[Start of Attachment]

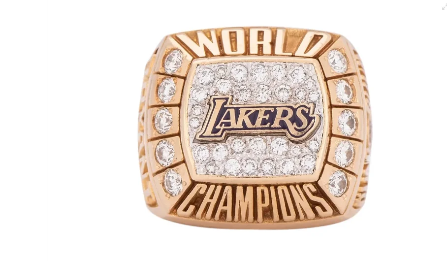 Κατασκευασμένο από χρυσό 14 καρατιών, το δαχτυλίδι μεγέθους 11 ½ ζυγίζει 59,6 γραμμάρια και έχει 40 εντυπωσιακά διαμάντια. Η λέξη «Lakers» βρίσκεται στο κέντρο με μωβ σμάλτο, ενώ αναγράφεται «World» και «Champions» στο πάνω και το κάτω μέρος του σχεδίου.
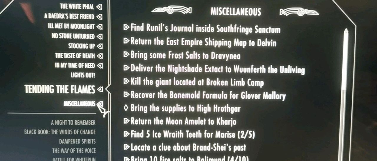 令人驚訝的是,《上古卷軸5:天際》的750個任務中,主線僅僅佔了相當少的一部分,其餘大部分的任務,全都分佈在支線與雜項任務中。有還沒玩過的觀衆就要問了,這個“雜項任務”又是什麼呢?
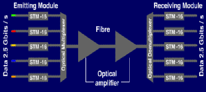 Module 5 - SONET, WDM, DWDM and B-ISDN Technologies Slide 66 of 76 _________________ __________ A WDM System _________________ __________ This WDM system carries 4 STM-16 (2.5 G bps) over a fiber.
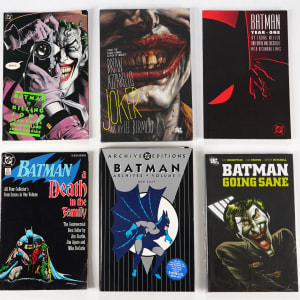 Graphic Novel/Trade Paperbacks singles (63): Joker covers (5): The Killing Joke 1st Print green cover, The Joker’s last Laugh, Devil’s Advocate, The Man Who Laugh, Going Sane; and Batman Year One by Frank Miller; Batman Year Two with Todd McFarlane art; A Death in the Family; A lonely Place of Dying; The Dark Returns; Batman & Dracula; Batman Lobo; Batman Venom; Batman Huntress; Batman Captain America; Batman Daredevil; Spawn Batman; Robin A Hero Reborn; Nightwing Brothers in Blood; Nightwing Mobbed Up; Nightwing A Knight in Bludhaven; Catwoman Defiant; Penguin Triumphant; Batman Riddler; Run Riddler Run; Two-Face; Two-Face Year One; Arkham Asylum; Gotham by Gaslight; Arkham Asylum Living Hell; Batman: Son of the Demon; Batman Versus Predator; Batman Aliens Two; The Long Halloween; Knights End; Bruce Wayne: Murderer?; Evolution; Castle of the Bat; The Ultimate Evil; Holy Terror; Batman Chronicles: The Gauntlet; Tales of the Demon; Death Blow; Death and Madness; War Drums; Crimson Mist; Shaman; Bloodstorm; Hush; Year 100; In the Line of Duty; Hong Kong; Batman and the Mad Monk; Officer Down; Prey; The Ultimate Evil; Batman and the Monster Men; The Abduction; Switch; Legends of the World’s Finest; Scar of the Bat; Haunted Knight;
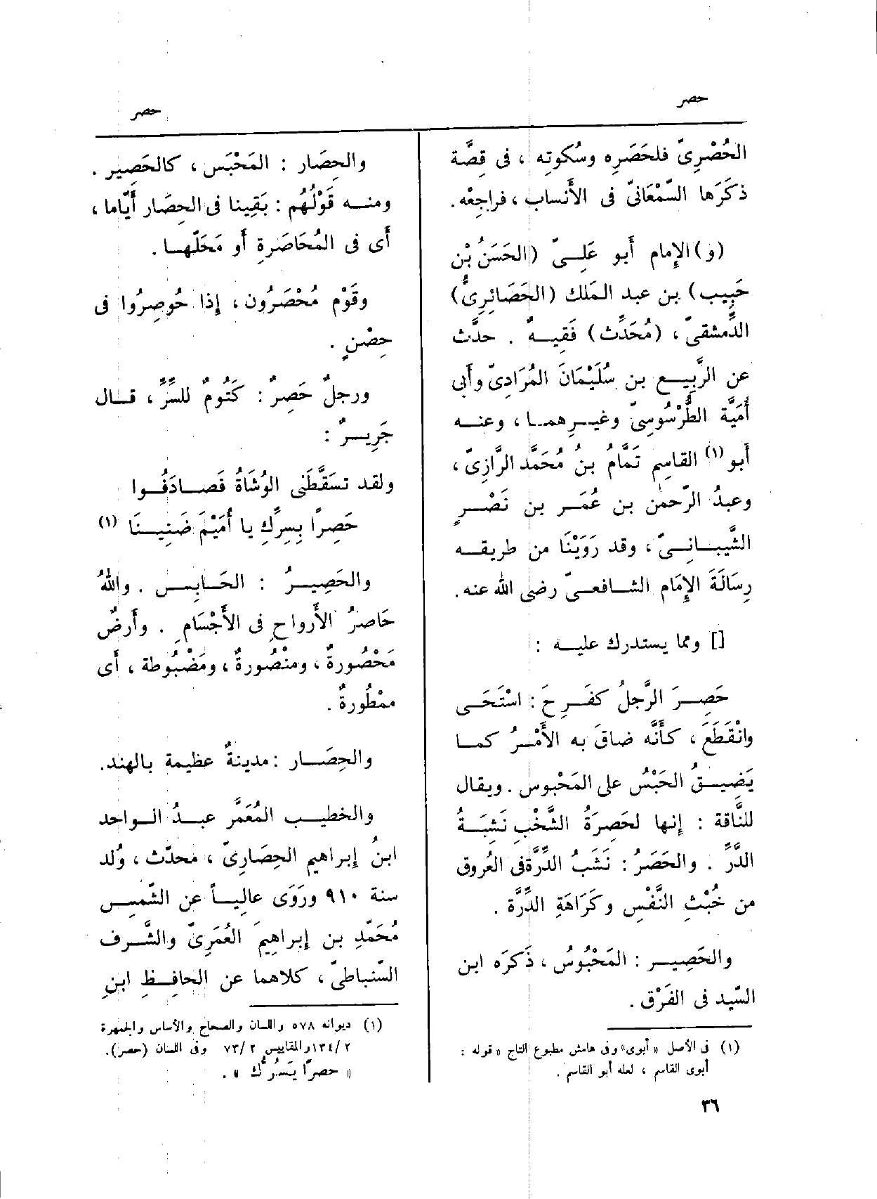 الحُصْرِيّ فلحَصَرِه وسُكوته، وَفِي قِصَّة ذكَرَهَا السّمْعَانِيّ فِي الأَنساب، فراجِعْه.
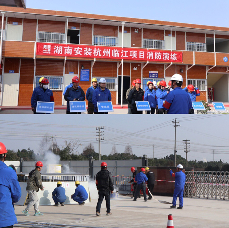 下午14點,演練活動按照經(jīng)批準(zhǔn)的演練方案正式開始?!盎馂?zāi)”發(fā)生后,演練負(fù)責(zé)人第一時間安排人員拉掉電閘,同時安排通訊組立即向監(jiān)理和建設(shè)單位匯報火情,然后帶領(lǐng)各應(yīng)急處置小組拉起警戒線,隔離可燃物資,疏散工人,搶救傷員,使用消防設(shè)施撲滅大火。此次演練從開始到結(jié)束都有條不紊進行,整個過程前后銜接連貫,未造成混亂場面,成功快速疏散現(xiàn)場的工人,及時撲滅大火,取得了預(yù)期效果。
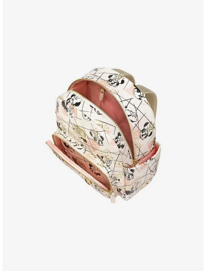 We’ve outfitted our Mini Backpack in the sweet and fashionable Shimmery Minnie Mouse print, featuring playful artwork with blush and metallic gold accents. The vanilla-colored vegan leatherette features golden hardware and leather zipper pulls. Includes the Shimmery Minnie collection’s signature Minnie Mouse keychain.Β
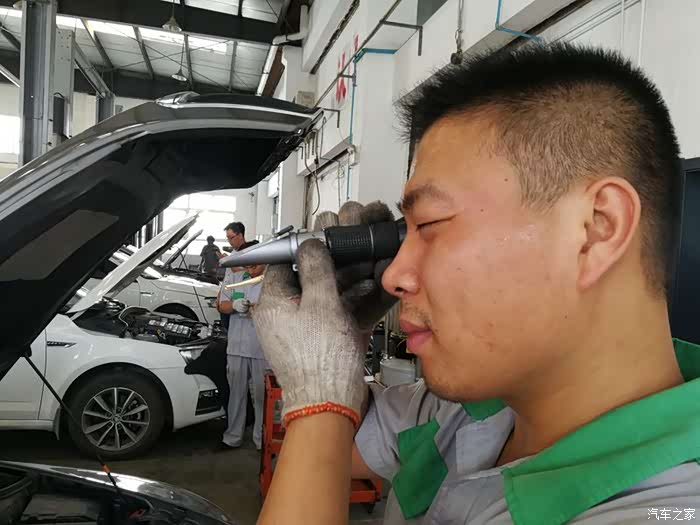 售后服务人员将小明开上工位,准备检测。
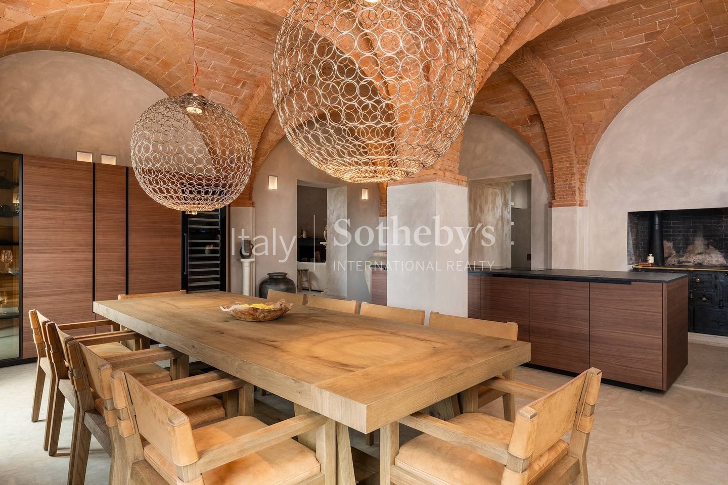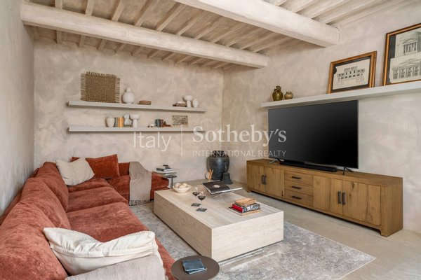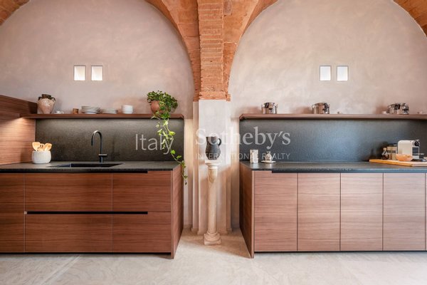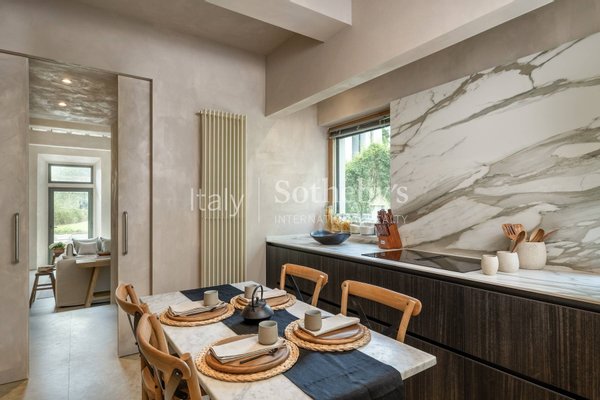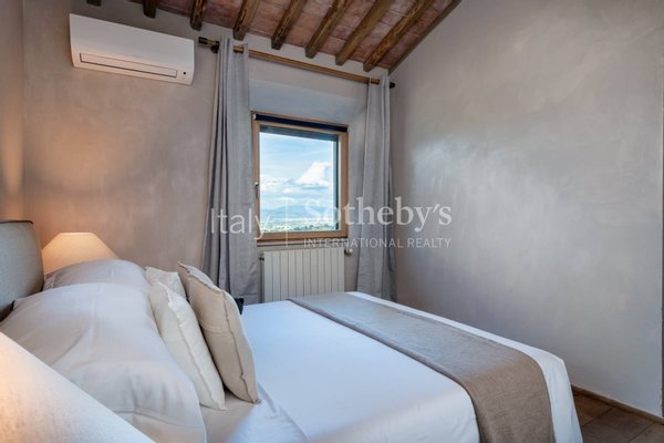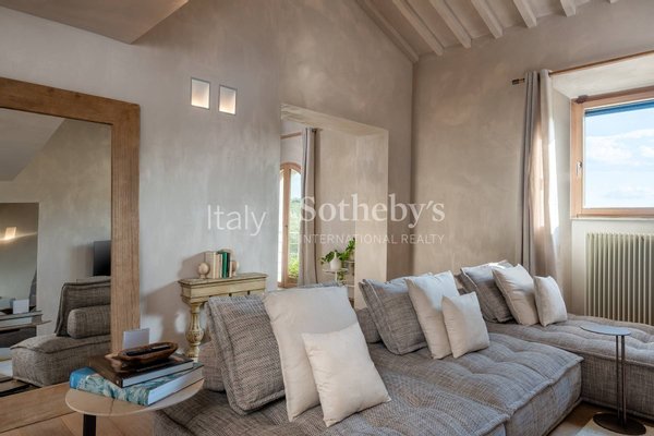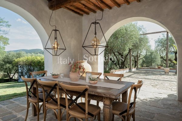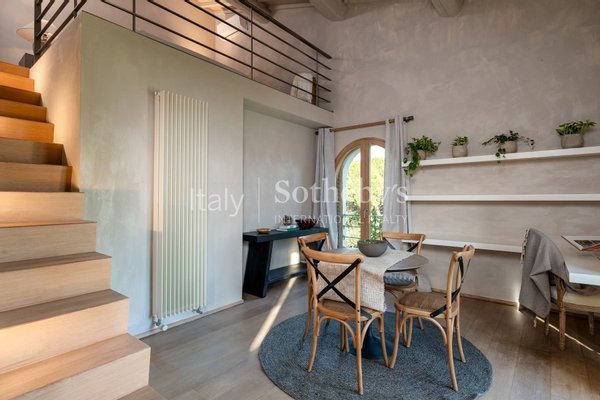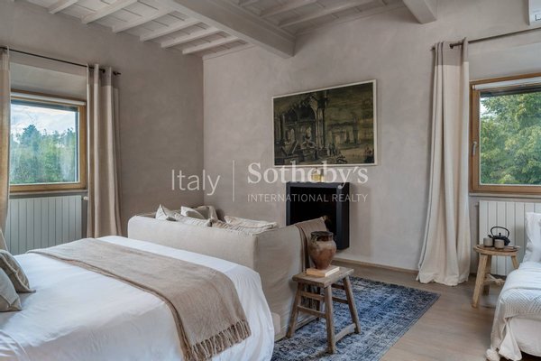 The dining room is designed for large gatherings, with a long reclaimed wood table surrounded by large windows where you can appreciate the beauty of the Florentine countryside. The updated contemporary kitchens feature modern appliances such as a dishwasher, Nespresso coffee machine, fryer, and oven.
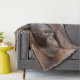 A quality printed throw has its advantages. This is a much finer weave throw than its loopier cousins, and though lighter, it is worth the investment for custom room accessorizing. The back is much prettier than the typical brown, and the fringe on the long sides very vivid, the selvage nicely done. Before photographing, I washed the throw in cold water, delicate, with a thicker woven throw the same size. On tumble dry low, this throw was dry in half the time as the other. This is a very practical quality if you use throws for furniture covers or to wrap up in frequently. The sleekness of the fabric makes it a great layer for accenting or protecting without the feeling of sitting on too much stuff. Perfect for napping or when you feel a light chill coming on. The color printing is beautiful and on this fabric, matched the design and color of my Photoshop image. This is an advantage for blending room fabrics and colors. The fringe on the short sides prints the colors from the design image and therefore varies from the side fringe. I streaked a white fractal line through the plaid pattern to give the illusion of weaving. This printed as crisp as an illusory thread, and put some white in the short side fringe, showing another advantage of print vs loomed- for artistic purposes, line lines, detail, and color integrity can be planned and preserved. My loomed throws have color limitations and more of a needlepoint texture. Print throws reproduce an exact image. The throw felt a little stiff straight out of the package, but this went away in the first delicate wash. Of course I searched the wash water for ink or bleeding and there was none.
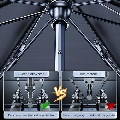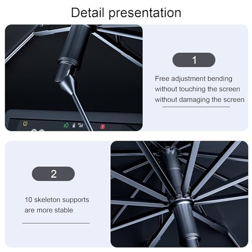 - [تصميم مفصل] يمكن طي مقبض المظلة وتدويره 360 درجة، مما لا يؤثر على الأشخاص الذين يجلسون على السيارة بعد الفتح. مقبض المظلة مصنفر لتوفير المزيد من الثبات ومنع الانزلاق بفعالية. مجهزة بـ 10 إطارات من الصلب، والتي يمكن أن تدعم سطح المظلة بشكل أفضل ولا تنحني، ويمكن أن تدعم كل زاوية ميتة من الزجاج الأمامي.

[End of Attachment]

| What is required |
Precisely those lines above that run from the line with "令人驚訝的是,《上古卷軸5:天際》的75" up to and including the line with "Module 5 - SONET, WDM, DWDM" are to be set down, with the pictures omitted.

| Problem solution |
 令人驚訝的是,《上古卷軸5:天際》的750個任務中,主線僅僅佔了相當少的一部分,其餘大部分的任務,全都分佈在支線與雜項任務中。有還沒玩過的觀衆就要問了,這個“雜項任務”又是什麼呢?
 Module 5 - SONET, WDM, DWDM and B-ISDN Technologies Slide 66 of 76 _________________ __________ A WDM System _________________ __________ This WDM system carries 4 STM-16 (2.5 G bps) over a fiber.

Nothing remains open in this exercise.